Gestrandet auf der Schatzinsel

Regionaldekan Ludwig Gradl und die Kinder störte das Wasser von oben bei der Segnung wenig.

Freilich hätte das Wetter besser sein können. Aber die Mädchen und Buben machten tapfer das beste draus: Zum Geburtstag ihres Kindergartens Die Schatzinsel hüpften, sangen und sprangen sie durch 40 Jahre Geschichte

Am 1. Mai feierte der Kindergarten aus der Pfarrei Hl.

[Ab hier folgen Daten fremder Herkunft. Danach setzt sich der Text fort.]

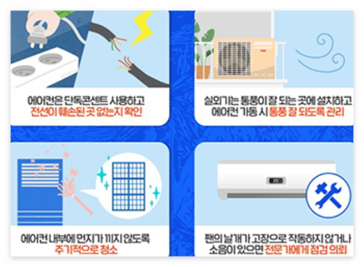 ※ 이 글은 특정 제품이나 업체를 홍보하거나 비방하려는 목적이 아닌, 최근 증가하는 에어컨·선풍기 화재 예방에 대한 올바른 정보 제공과 안전수칙 공유를 위해 작성된 콘텐츠입니다.

Familie sein 40-jähriges Bestehen. Trotz der niedrigen Temperaturen und des Regens kamen die großen und kleinen Gäste schon am Vormittag, um der Segnung der Einrichtung beizuwohnen. Pfarrer Ludwig Gradl erneuerte ihn für die nächsten 40 Jahre. In der Mittagspause hatten die Gäste Gelegenheit, die Fotoausstellung zur Geschichte des Kindergartens anzuschauen. Auch für das leibliche Wohl war bestens gesorgt. Anschließend zeigten die Mädchen und Buben unter der Leitung ihrer Erzieherinnen einige Höhepunkte der Gartenfeste in den vergangenen 40 Jahren. Das Motto lautete: "Es war einmal." Als rasende Reporter baten sie immer wieder Gäste, darunter Pfarrer Gradl und Bürgermeister Martin Preuß, um ein paar Worte für den Kiga.

45 Jahre im Kindergarten

Als Tagesschaumoderatoren geleiteten die Erzieherinnen ihre Zuschauer durch die Geschichte der Schatzinsel und erinnerten an Sieglinde Schreiber, die den Kindergarten seit dessen Bau 30 Jahre lang leitete. Auch gratulierten sie Kinderpflegerin Sabina Bundschuh, die in diesem Jahr ihr 45-jähriges Dienstjubiläum feiert und Kindergartenleiterin Ute Schwab, die seit 25 Jahren hier tätig ist. Sie blickten auf eine spannende und ereignisreiche Zeit mit einigen Baumaßnahmen und sogar einer Bombenentschärfung im Jahr 1995 zurück. Eine der ersten Krippen in Amberg entstand ebenfalls in der Schatzinsel im Jahr 2007.

Kulturelle Vielfalt

Heute besuchen 75 Kinder in drei Gruppen die Einrichtung. Jeden Monat lassen sich die Erzieherinnen unterschiedliche Projekte einfallen, um die kulturelle und religiöse Vielfalt zusammenzubringen und gleichzeitig christliche Werte zu vermitteln. Ute Schwab: "Wir haben die Asylantenkinder hier und auch am Bergsteig waren schon immer ganz viele unterschiedliche Kulturen da. Das versuchen wir zu berücksichtigen."